After the war, the population, not surprisingly, thinned; when the lighthouse was finally automated, the coast guard sent the last lighthouse keeper back to the mainland.

In 1969, nature finally had its turn. The islands were collectively designated a National Wildlife Refuge, and the Point Reyes Bird Observatory was contracted by the government to repair the damage. Where to start? There was so much to tackle. By the sixties, only six thousand murres nested on the islands (down from a half million), and other seabird populations had taken similar drubbings. Fur seals were a distant memory, the global elephant seal population had been reduced to about twenty animals, Steller’s sea lions were gone entirely, harbor seals glimpsed only rarely. No doubt the sharks were there, prowling the waters, but without seals they wouldn’t have stayed around for long. (You don’t get to be four hundred million years old by failing to adapt.)

As for the environment itself, past ignorance was augmented by present stupidity, and the place was limping. Oil tankers made a practice of pumping their ballast tanks near the islands, killing seabirds by the thousands. Four times, military planes opened fire on Middle Farallon with rockets, presumably for target practice. Gill nets killed indiscriminately, strangling seabirds and snaring every animal in their paths. Fishermen deployed explosives to catch fish, and boats journeyed out to shoot up the wildlife along the shoreline with high-powered rifles.
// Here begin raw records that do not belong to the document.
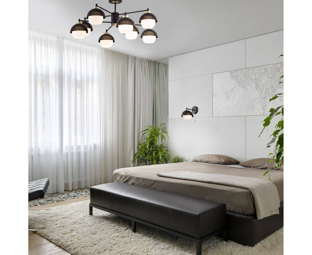 Индивидуальный источник освещения нужен каждой зоне. В тесной комнатке, площадью не более 7-10 «квадратов», достаточно будет скромной потолочной люстры, бра над кроватью, настольной лампы в рабочей зоне. Если же помещение более просторное, в нем есть возможность выделить место для приема гостей, занятий любимым хобби, то, как минимум один осветительный прибор, размещают там.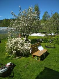 Продам жилой рубленый дом, обшитый доской и рейкой по финской технологии, внутренняя обшивка вагонка, крыша под металлопрофилем, окна стеклопакеты, полы деревянные, печь с камином, на втором этаже три спальные комнаты, терраса частично застеклённая, летний водопровод от личного колодца, электричество от ТНС энерго Карелия показания передаются автоматически со счётчика на столбе. На земельном участке в 23 сотки посажены плодоносящие деревья яблони, сливы, вишня, груша, кусты смородины чёрной и красной, крыжовника, садовой малины, черноплодной рябины, облепихи, калины, клубники. Установлен 6-метровый парник с поликарбонатным покрытием. Душевая комната- в отдельно построенном помещении, имеются иные хозпостройки. Участок расположен на возвышенном месте, до реки, по которой сплавляются рыбаки в шхеры Ладоги, метров 300. Соседи замечательные.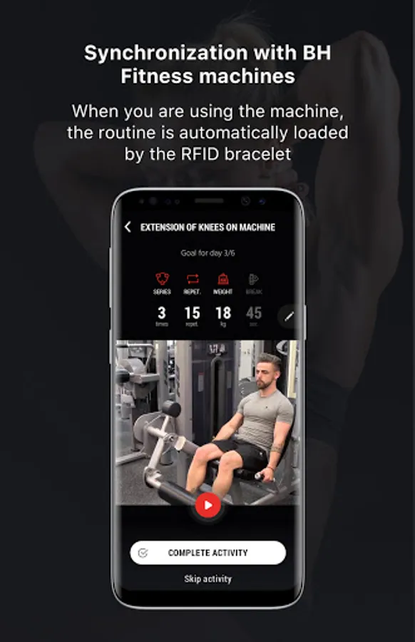 This synchronization will occur automatically with the BH Fitness machines, simply by approaching the RFID bracelet, this gives you the capability to concentrate on your exercises and not have to waste time typing.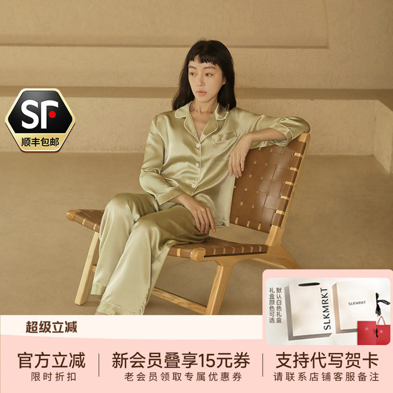 SLKMRKT乃丝 真丝睡衣睡裤女100%桑蚕丝家居服高档19姆米夏季套装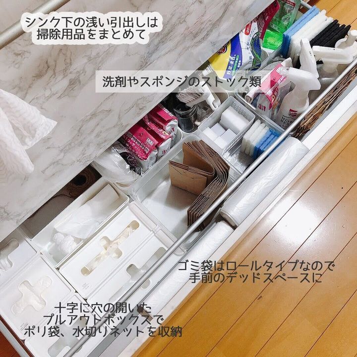 こちらもシンク下。下段の浅い引出しには袋類や洗剤を収納しています。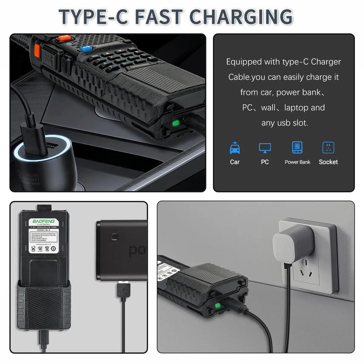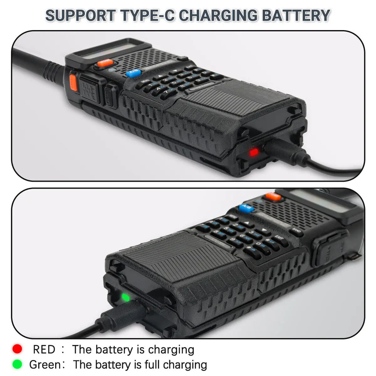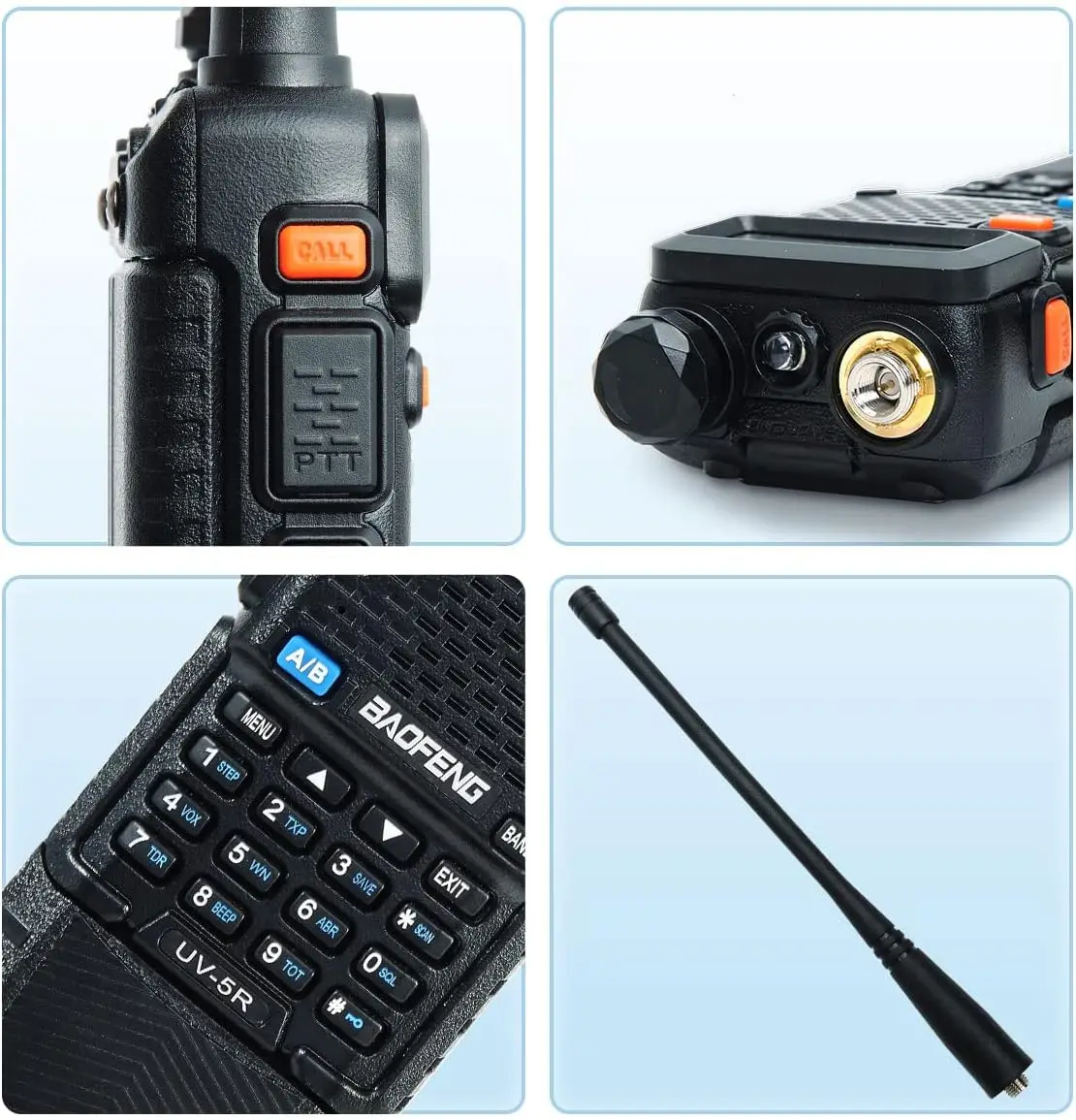 Doble banda/pantalla dual/doble modo de espera, 128 grupos de canales de almacenamiento, Compatible con otros walkie-talkies portátiles de Baofeng, como BF-F8HP, UV-82, UV-S9 Plus, TP-8Plus, BF-H6, etc. ;50 CTCSS y 104 CDCSS, cerradura de teclado automático, linterna LED;Este modelo ha sido certificado por la FCC, ID de la FCC: 2AJGM-UV5R.

What little infrastructure still existed on Southeast Farallon was outmoded, corroded, and neglected. Garbage lay everywhere; cats and rabbits terrorized the birds; heaps of rusty refrigerators and washing machines and assorted pipes blocked the East Landing. The place, to put it plainly, was a wreck. But if any group was up to the task, it was PRBO. Undaunted, they sent out waves of all-star biologists, led by David Ainley. Slowly, the island was reclaimed by the wild. Buildings were dismantled, concrete areas were torn up and replaced by nesting terrain for auklets and petrels. Whole stretches of land became completely off limits to burrow-crushing, flock-spooking humans. Eventually, the only remaining signs of civilization were the two houses, the crane at East Landing, some water tanks, a couple of small buildings used for storage, and a crumbling stone foundation near the North Landing, known as the old eggers’ house. And, of course, the lighthouse tower itself.

Elephant seals, fur seals, harbor seals, and Steller’s sea lions began to reappear on the shores, first as individuals and then, over the years, in colonies. Murres, cormorants, guillemots, petrels, auklets, puffins, shearwaters, fulmars, grebes, scoters, pelicans, terns, loons, and even the odd albatross—they all trickled back. As the twenty-first century began, there were one hundred thousand murres in residence. The gulls, to no one’s surprise, made a particularly strong comeback.

 

THE STATION HOUSE WAS A FRIENDLY LOOKING RESTAURANT WITH A
western feel, painted dusty red, with a funky, hand-lettered sign. I pulled into a parking spot out front, alongside two silky hunting dogs in the back of a pickup truck. It was 6:00 p.m. and already dark. As I stepped out of the rental car, I took a deep breath—the air had that cool, tangy ocean smell. The street was deserted. Toby’s Feed Barn was shut down tight next door, as was the Point Reyes Whale of a Deli on the corner, and there wasn’t a soul walking around. Glancing in the windows of the Station House, I discovered why: What appeared to be the entire town was crowded into the dining room. As I opened the door a wall of noise hit me, and a waitress swept by with a dozen Anchor Steam beers balanced precariously on a tray. A single table was available in the corner of the bar, and I grabbed it.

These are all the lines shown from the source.